Prompt
Only the lines from the top of the records below through the line containing "Contoh Kertas Kerja Program Motivasi Pdf" should be printed, exactly and without pictures.

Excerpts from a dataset
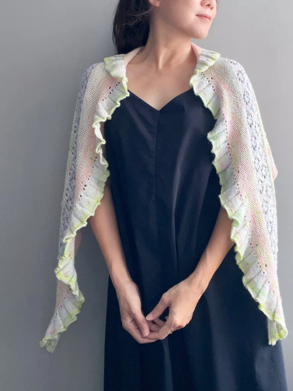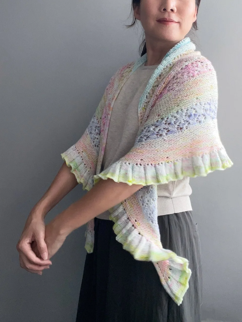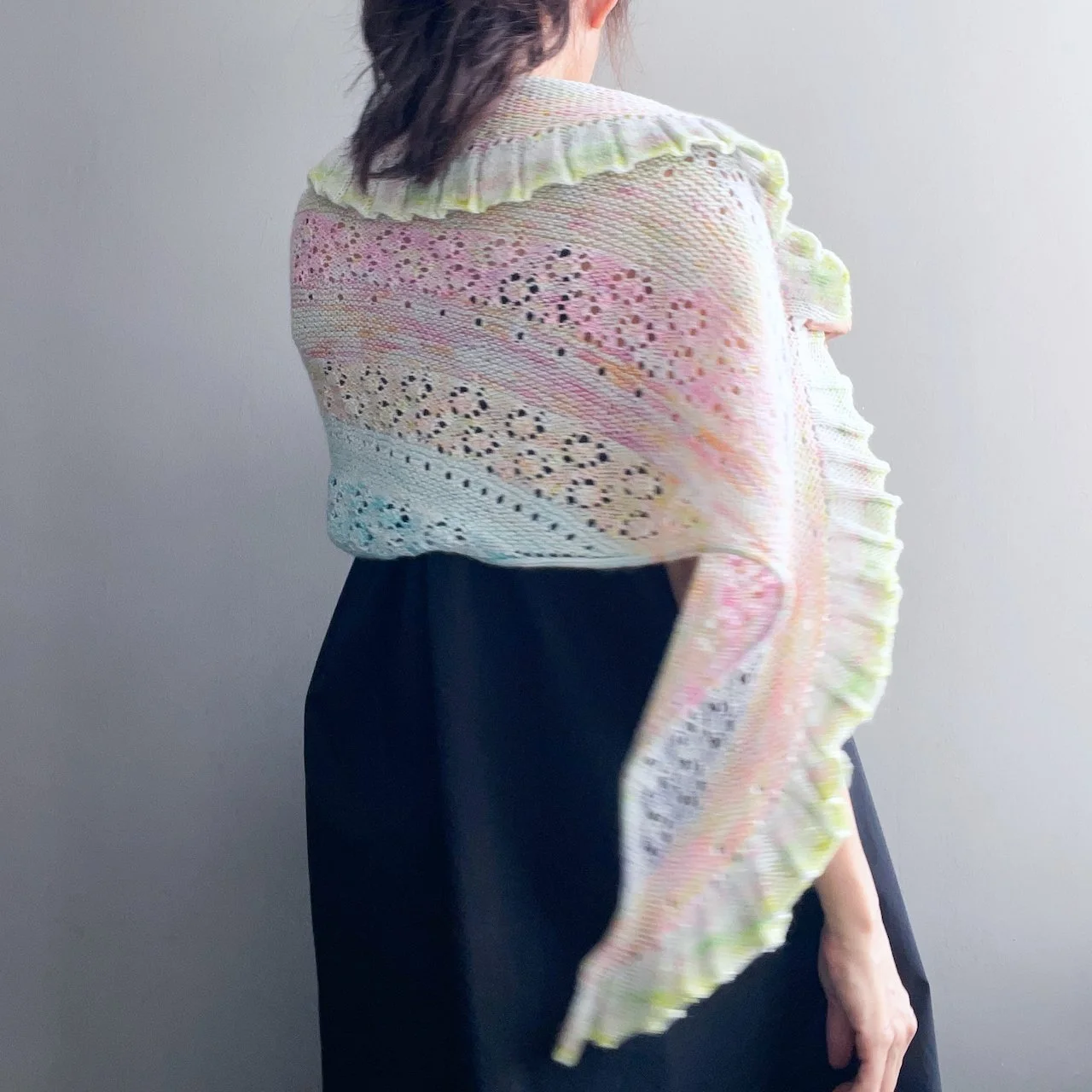 The larger shawl can be worn with the straight edge along the shoulders or reversed so the frilled edge frames the neckline. Both options drape beautifully. The mini version features a button closure that can be fastened through any yarn-over hole, offering multiple styling possibilities. Enjoy experimenting with different ways to wear and showcase your Moonlake!
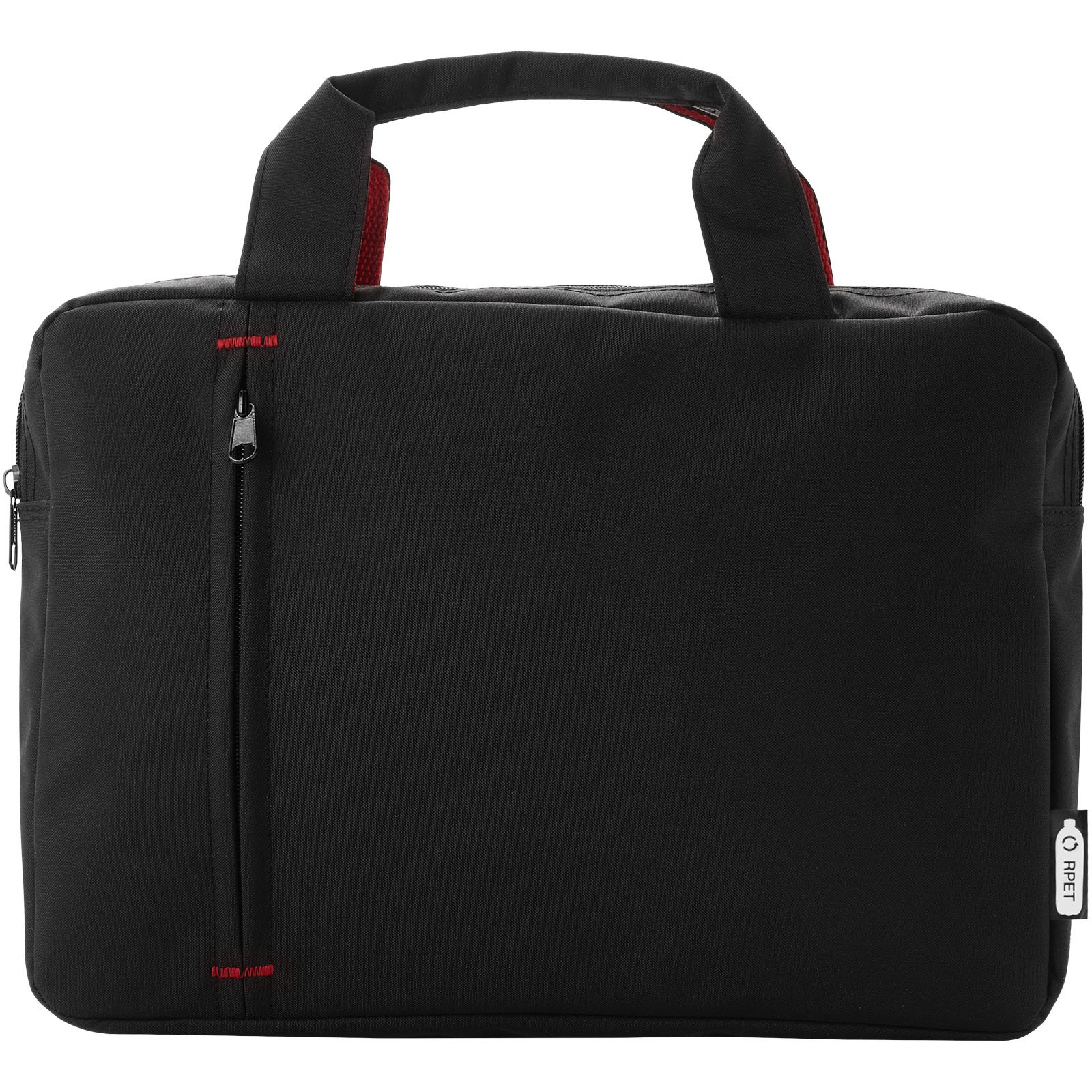 Serviette en plastique recyclé PET dotée d’un compartiment principal à fermeture zippée et d’une poche frontale à fermeture zippée, avec poignées de transport renforcées et éléments de contraste de couleur tendance.
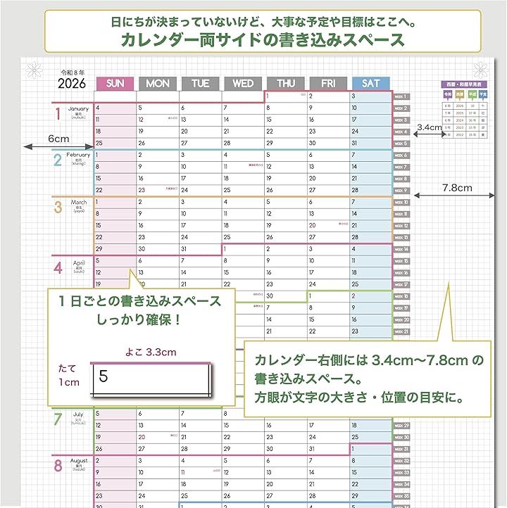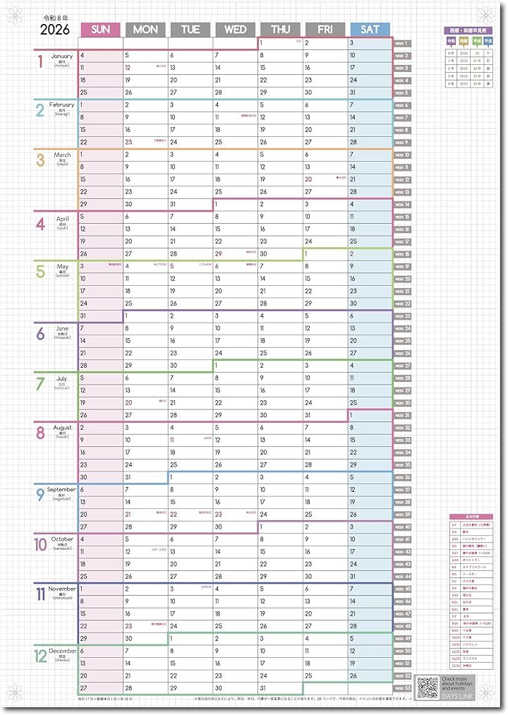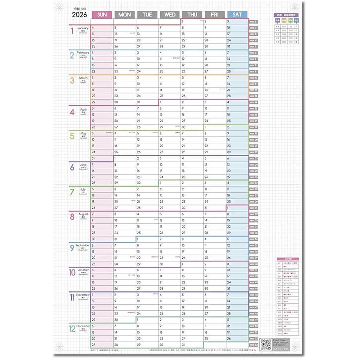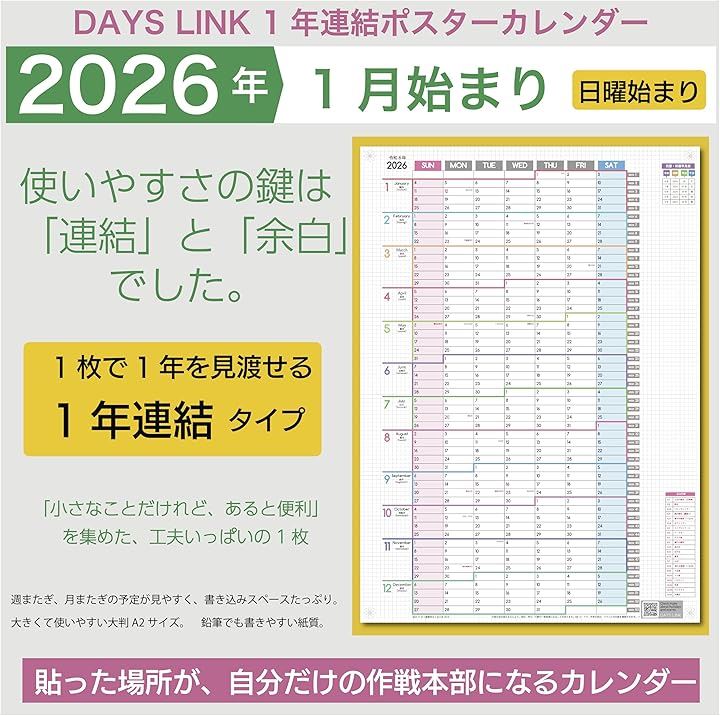 1年連結カレンダー ポスター 1枚 2026年 1月始まり 日曜始まり 大きい 壁掛け 令和8年 M1-26-1-SUN
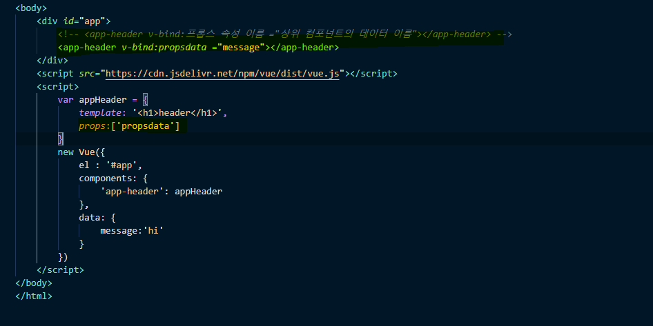 * 상위에서 하위로 데이터를 내려줌 , 프롭스 속성
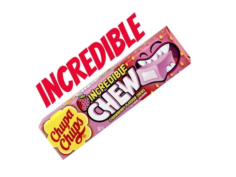 Насладитесь вкусным, продолжительным и мягким жеванием, доступным с Chupa Chups Incredible Chew.
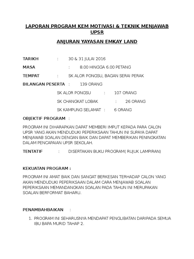 Contoh Kertas Kerja Program Motivasi Pdf
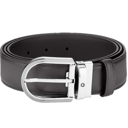 Кожаный ремень с пряжкой в форме подковы серого цвета 35 мм от магазина премиальных ручек Premium Pens в Хабаровске.
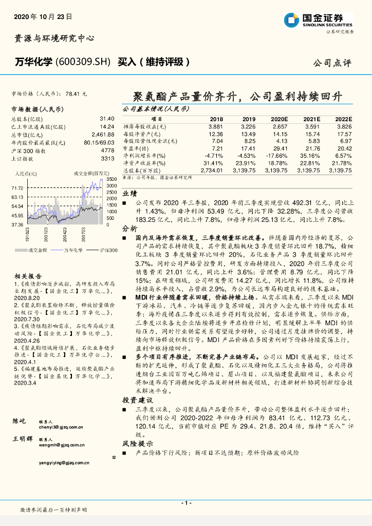国金证券:万华化学(600309)-聚氨酯产品量价齐升,公司盈利持续回升.pdf
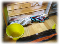 慌てて、タオルとバケツで水をくみ取ります。
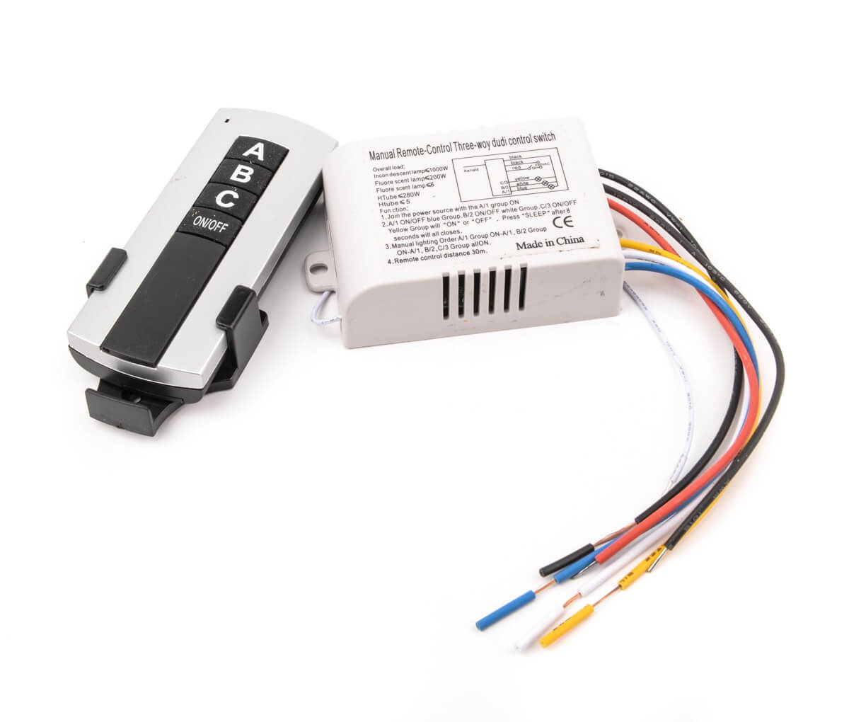 Предназначен для удаленного управления осветительными приборами. Контроллер-приемник подключается в электрическую цепь к светильнику (группе светильников) или перед блоком питания светодиодной ленты и играет роль управляющего модуля, принимая команды с пульта и передавая их в систему освещения.
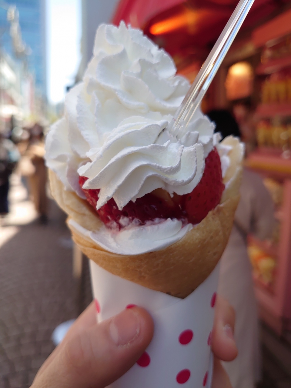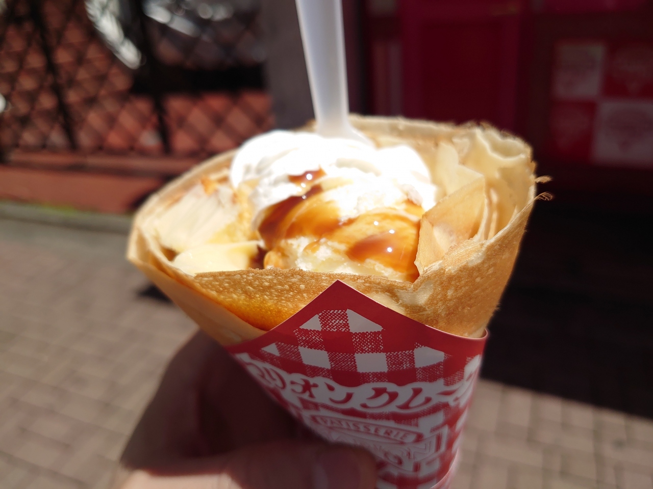 クレープの種類が多くて目移りします。連休ということもあり、それぞれのお店には長い行列ができます。クレープの価格もおおよそ500~700円代だったと思います。当然ながらトッピングなどのデコレーションが増えるメニューであるほど価格は上がります。あれだけ忙しいのに手際よくクレープを作り快い接客を行うスタッフさんに関心しました。
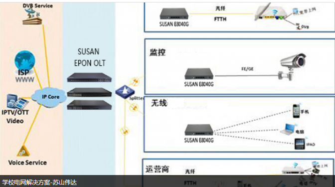學(xué)?;A(chǔ)網(wǎng)絡(luò)建設(shè)包括學(xué)校的監(jiān)控系統(tǒng)、廣播系統(tǒng),無(wú)線WIFI覆蓋,蘇山偉達(dá)公司主要采用PON(無(wú)源光網(wǎng)絡(luò))接入解決方案。

Result of the exercise
 The larger shawl can be worn with the straight edge along the shoulders or reversed so the frilled edge frames the neckline. Both options drape beautifully. The mini version features a button closure that can be fastened through any yarn-over hole, offering multiple styling possibilities. Enjoy experimenting with different ways to wear and showcase your Moonlake!
 Serviette en plastique recyclé PET dotée d’un compartiment principal à fermeture zippée et d’une poche frontale à fermeture zippée, avec poignées de transport renforcées et éléments de contraste de couleur tendance.
 1年連結カレンダー ポスター 1枚 2026年 1月始まり 日曜始まり 大きい 壁掛け 令和8年 M1-26-1-SUN
 * 상위에서 하위로 데이터를 내려줌 , 프롭스 속성
 Насладитесь вкусным, продолжительным и мягким жеванием, доступным с Chupa Chups Incredible Chew.
 Contoh Kertas Kerja Program Motivasi Pdf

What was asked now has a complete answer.